D
DreamLake

Key Design

Semantic Video Search

Search video content using natural language. Upload any video format, and the system automatically transcodes, segments, embeds, and indexes it for semantic search.

Architecture

Upload (.mp4, any codec)

BSS → S3 staging

Lambda: detect codec → transcode if needed → 2s HLS chunks
   ↓  chunks/{hash}.ts in S3
   
dreamlake vectorize

CLI dispatches chunk jobs → Zaku queue (Redis)

GPU Worker(s):
  download chunk → ffmpeg frame → CLIP ViT-L/14 (768d)
  LLaVA 13B → caption → CLIP text embed

Worker writes directly to Qdrant

 
GET /semantic-search?q=robot+arm+cup

dreamlake-server: CLIP text embed → Qdrant nearest neighbor

Return matched 2s clips with playback URLs

Pipeline Steps

1. Upload

Any video format (H.264, AV1, VP9, etc.) is accepted. The CLI auto-detects the type and uploads via multipart to S3.

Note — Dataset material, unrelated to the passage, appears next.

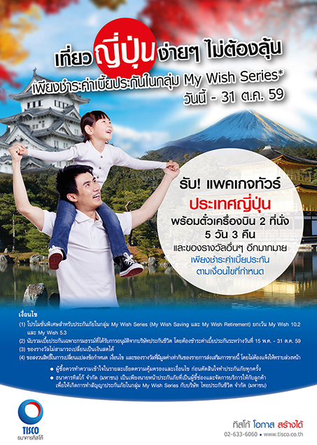 ธ.ทิสโก้ มอบแพคเกจทัวร์ประเทศญี่ปุ่น 5 วัน 3 คืน พร้อมตั๋วเครื่องบิน 2 ที่นั่ง และของรางวัลอื่นๆ อีกมากมาย เพียงชำระค่าเบี้ยประกันในกลุ่ม My Wish Series ตามเงื่อนไขที่กำหนด

dreamlake upload ./video.mp4 --episode robotics@alice:run-042 --to /camera/front

2. HLS Splitting (Lambda)

The Lambda function automatically:

  • Probes the video codec
  • If MPEG-TS compatible (H.264, HEVC): stream-copies into 2s .ts chunks
  • If not (AV1, VP9, etc.): transcodes to H.264 with keyframes every 2s, then splits
  • Uploads chunks to S3 at chunks/{hash}.ts (content-addressed, deduplicated)
  • Creates m3u8 playlist

Each 2s chunk = one atomic unit for vectorization and search.

3. Vectorize

Two modes:

Direct mode — sequential, no infrastructure needed:

dreamlake vectorize --episode robotics@alice:run-042

Distributed mode — parallel via Zaku task queue:

dreamlake vectorize --episode robotics@alice:run-042 --zaku-url http://localhost:9000

Scoping:

FlagScope
--episodeAll videos in one episode
--collectionAll episodes in a collection
--datasetAll collections in a dataset

Per chunk, the worker:

  1. Downloads the 2s .ts chunk from S3
  2. Extracts the middle frame via ffmpeg
  3. Runs CLIP ViT-L/14 → 768-dimensional image embedding
  4. Runs LLaVA 13B → natural language caption → CLIP text embedding
  5. Writes the point directly to Qdrant

4. Search

Natural language queries against the Qdrant vector database:

GET /namespaces/:ns/projects/:space/semantic-search?q=robot+picking+up+cup

Query parameters:

ParamDescription
qNatural language search text (required)
episodeScope to episode name
collectionScope to collection name
datasetScope to dataset name
limitMax results (default 10, max 50)
usingVector type: image (default) or caption

Response:

{
  "query": "robot picking up cup",
  "results": [
    {
      "score": 0.211,
      "videoId": "69e5e727...",
      "episodeName": "run-042",
      "chunkHash": "a3f8b2c1...",
      "chunkIndex": 26,
      "timeStart": 52,
      "timeEnd": 54,
      "caption": "A robotic arm reaches toward a red cup...",
      "playUrl": "https://s3.../chunks/a3f8b2c1.ts"
    }
  ],
  "total": 10,
  "using": "image"
}

5. Playback

Each result includes a playUrl pointing to the 2s .ts chunk in S3. Playable directly in a browser:

<video src="https://s3.../chunks/a3f8b2c1.ts" controls></video>

Or seek to the matched time in the full video using videoId + timeStart.

Vector Storage

All vectors and metadata stored in Qdrant (not MongoDB):

FieldDescription
image vector (768d)CLIP ViT-L/14 image embedding
caption vector (768d)CLIP text embedding of LLaVA caption
videoIdBSS video ID
episodeIdDreamLake episode ID
projectIdNamespace/space slug
chunkHashS3 chunk key
chunkIndexPosition in m3u8 playlist
timeStart / timeEndTime range in seconds
captionLLaVA-generated description

Distributed Processing (Zaku)

When --zaku-url is provided, the CLI dispatches all chunk jobs to a Zaku task queue instead of processing sequentially.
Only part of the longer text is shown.